WHAT IS EXPECTED: Here the job is to transcribe the data exactly while omitting the images.

Start of THE DATA

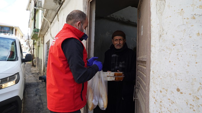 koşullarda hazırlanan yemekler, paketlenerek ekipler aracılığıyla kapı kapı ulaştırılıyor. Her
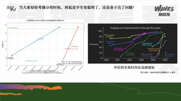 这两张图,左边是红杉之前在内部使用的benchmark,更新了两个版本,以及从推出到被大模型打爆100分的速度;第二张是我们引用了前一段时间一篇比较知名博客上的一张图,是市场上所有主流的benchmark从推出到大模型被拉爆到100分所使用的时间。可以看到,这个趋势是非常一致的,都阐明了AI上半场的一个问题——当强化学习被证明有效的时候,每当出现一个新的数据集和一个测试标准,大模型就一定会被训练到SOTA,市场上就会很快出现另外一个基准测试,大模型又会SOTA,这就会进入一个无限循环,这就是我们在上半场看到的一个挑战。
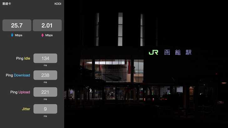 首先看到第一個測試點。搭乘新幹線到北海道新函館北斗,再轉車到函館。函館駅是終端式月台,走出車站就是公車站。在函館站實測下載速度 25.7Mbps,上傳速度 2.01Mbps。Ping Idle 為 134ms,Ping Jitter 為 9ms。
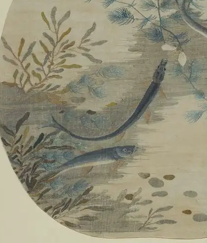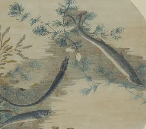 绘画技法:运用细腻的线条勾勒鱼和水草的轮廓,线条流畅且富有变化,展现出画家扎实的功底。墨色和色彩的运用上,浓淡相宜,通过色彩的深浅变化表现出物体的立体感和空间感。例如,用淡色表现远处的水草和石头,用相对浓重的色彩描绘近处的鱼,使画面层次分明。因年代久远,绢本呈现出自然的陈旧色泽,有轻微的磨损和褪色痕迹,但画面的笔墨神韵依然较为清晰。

End of THE DATA

TASK OUTPUT:
 koşullarda hazırlanan yemekler, paketlenerek ekipler aracılığıyla kapı kapı ulaştırılıyor. Her
 这两张图,左边是红杉之前在内部使用的benchmark,更新了两个版本,以及从推出到被大模型打爆100分的速度;第二张是我们引用了前一段时间一篇比较知名博客上的一张图,是市场上所有主流的benchmark从推出到大模型被拉爆到100分所使用的时间。可以看到,这个趋势是非常一致的,都阐明了AI上半场的一个问题——当强化学习被证明有效的时候,每当出现一个新的数据集和一个测试标准,大模型就一定会被训练到SOTA,市场上就会很快出现另外一个基准测试,大模型又会SOTA,这就会进入一个无限循环,这就是我们在上半场看到的一个挑战。
 首先看到第一個測試點。搭乘新幹線到北海道新函館北斗,再轉車到函館。函館駅是終端式月台,走出車站就是公車站。在函館站實測下載速度 25.7Mbps,上傳速度 2.01Mbps。Ping Idle 為 134ms,Ping Jitter 為 9ms。
 绘画技法:运用细腻的线条勾勒鱼和水草的轮廓,线条流畅且富有变化,展现出画家扎实的功底。墨色和色彩的运用上,浓淡相宜,通过色彩的深浅变化表现出物体的立体感和空间感。例如,用淡色表现远处的水草和石头,用相对浓重的色彩描绘近处的鱼,使画面层次分明。因年代久远,绢本呈现出自然的陈旧色泽,有轻微的磨损和褪色痕迹,但画面的笔墨神韵依然较为清晰。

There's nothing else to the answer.